Чего ж ты от меня хочешь? - у меня в глазах даже искры запрыгали. Пусть баба моя к нему зайдет и подменит телогрейку, говорит он, а если не сможет, пусть идет к ментам, пес с ними, чтоб они обыск произвели и отобрали расписку. Что ж она, по-твоему, так там и лежит в кармане? - спрашиваю. А где ей быть, я ее туда положил, это я помню. Когда положил? Осенью, говорит, когда мы с ним водку пили и обо всем договаривались. Это ж в сентябре было, говорю, в прошлом году, а сейчас у нас февраль кончается... Ну и что, говорит, пусть февраль, где ей еще быть, а у меня нет другого выхода - только на расписку расчет, и чтоб они веревку опознали, - тогда я, считай, дома... Ну ты деловой, - говорю я.
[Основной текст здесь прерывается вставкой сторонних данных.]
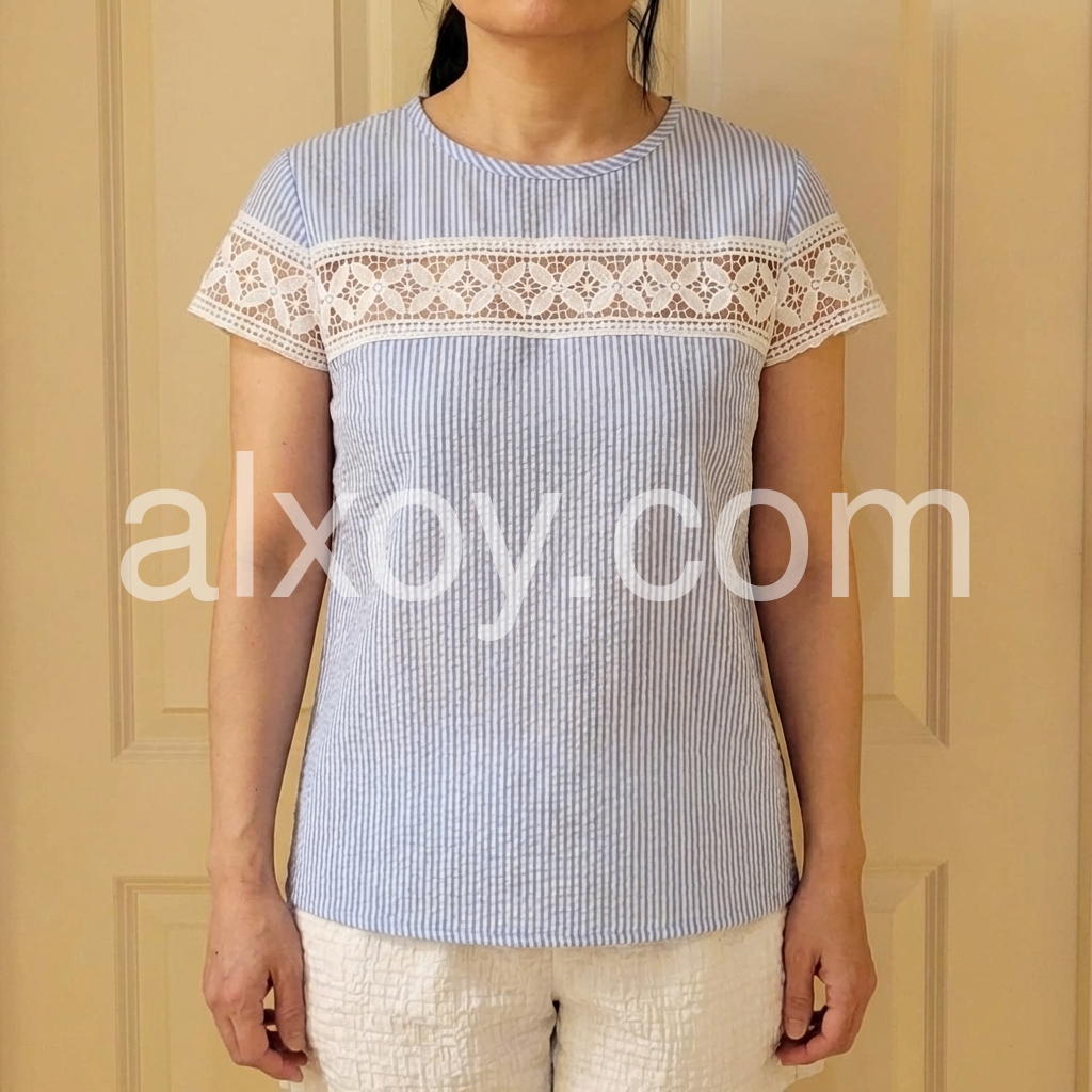 This short-sleeve top features a delicate white lace panel across the chest and sleeves. Made from soft, textured fabric with vertical stripes for a subtle pattern. Perfect for casual summer days or beach outings. Pair with shorts or jeans for a stylish look. Effortlessly chic and breathable.

И так каждую ночь, а потом целые дни. На четвертый утром меня выдернули из камеры. Освобождают, шепчет мой любитель рогатого скота, уйдешь на волю... Я только отмахнулся.
Идем переходами, вышли во двор. Солнце, небо высокое, воздух, вон и горы над стеной в колючке... Слушай, - спрашиваю вертухая, - почему меня в следственную камеру, я ж на ссылку? Не нравится, говорит, хочешь в транзитку? Да уж лучше бы, говорю, ближе к воле. Допрыгаешься, хмыкает.
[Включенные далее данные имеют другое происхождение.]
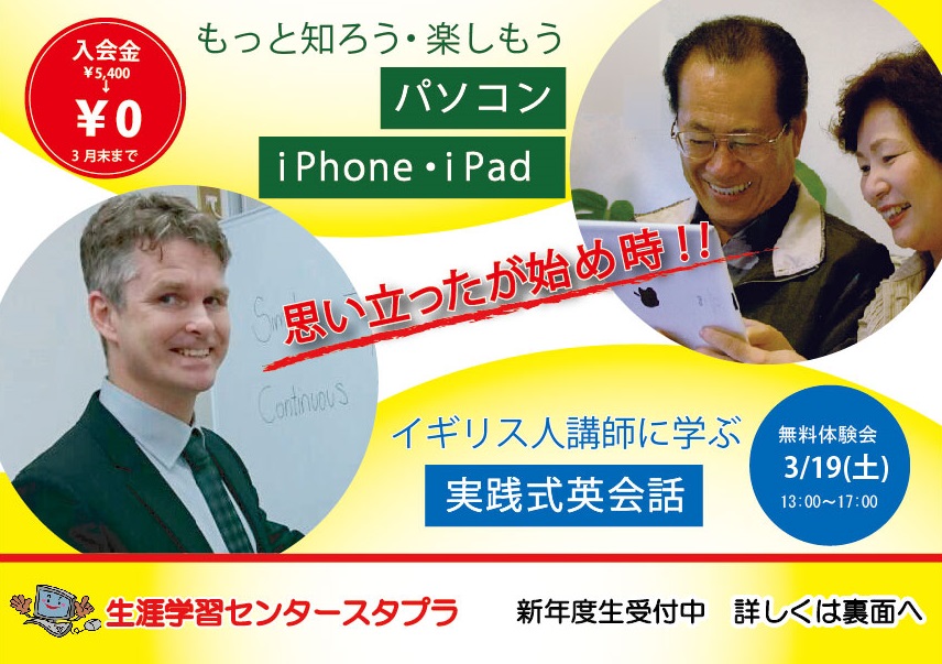 パソコン・iPad無料体験会は4月28日まで開催します。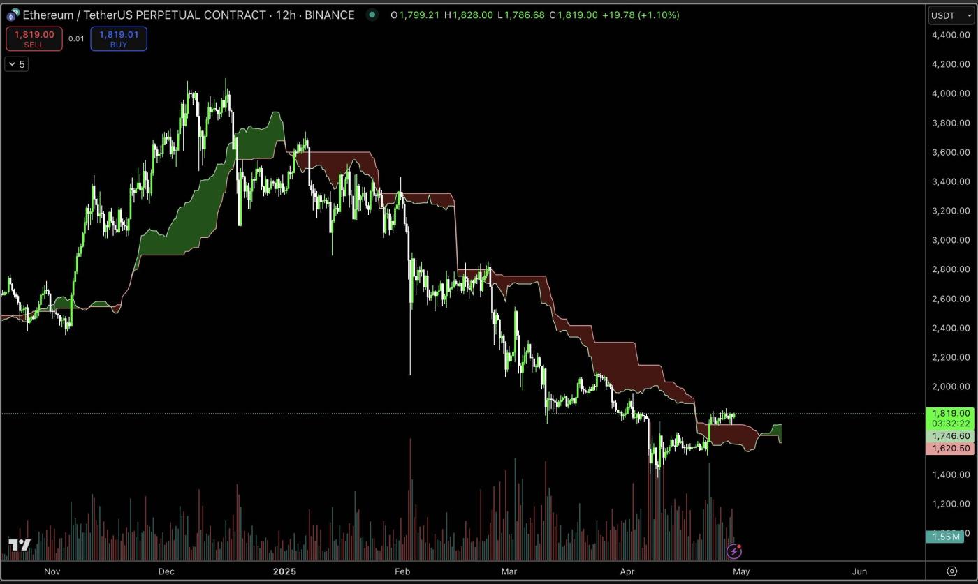 匿名加密交易員 CRG指出,ETH 價格首次自 2024 年 12 月以來恢復到 12 小時 Ichimoku 雲指標之上。Ichimoku 雲表明,當價格高於雲且雲變綠時,顯示出上升趨勢,表明看漲情緒。

Спрашивать бесполезно, да и откуда ему знать, вертухаю, а знал бы, все равно не скажет.
Во дворе двухэтажный домик, входим, по лестнице на второй этаж.
Большая комната-кабинет, за столом, спиной к широкому окну здоровенный в штатском, представительный.
- Садитесь...
Я присел к столу.
- Как вам ехалось? - спрашивает.
- Очень благодарен, - говорю, - долгая дорога, но - добрался.
- Да, расстояния у нас большие. Не обижали дорогой?
- Нормально, - говорю. - Дальше, вроде, некуда - приехал?
- Ну, а как вы сейчас устроены?
Что за странный разговор? - думаю.
- Спасибо, только не понять, почему я в следственной камере?
- А вам там плохо, обижают?
- Да меня никто, кроме вас, никогда не обижал, но я ведь на ссылку выхожу... - ну хоть бы ты раскололся, думаю.
- Ах вот вы о чем! У нас карантин в транзитках, зачем вам перед ссылкой еще заразу подхватите? Мы вам подобрали чистенькую камеру. Или какие проблемы?
- Благодарю за заботу, а чего вы меня тут держите или у вас конвой раз в десять дней?
- Простите, не представился. Начальник областного управления КГБ... Вы теперь в моем распоряжении.
Вот так номер, думаю.
- Я числюсь за прокуратурой, - говорю.
Улыбается: обаятельный, открытый - душа нараспашку.
- Мы всем занимаемся, а я за всю область в ответе. За вас в том числе. Курите?.. - и протягивает пачку - "ТУ-104".
А я сигареты с фильтром, считай, год не видел.
- С удовольствием.
Закуриваем: вот она воля, совсем рядом!
- Значит так, - говорит, - в ближайшие дни мы вас отправим. Вы бывали на Алтае?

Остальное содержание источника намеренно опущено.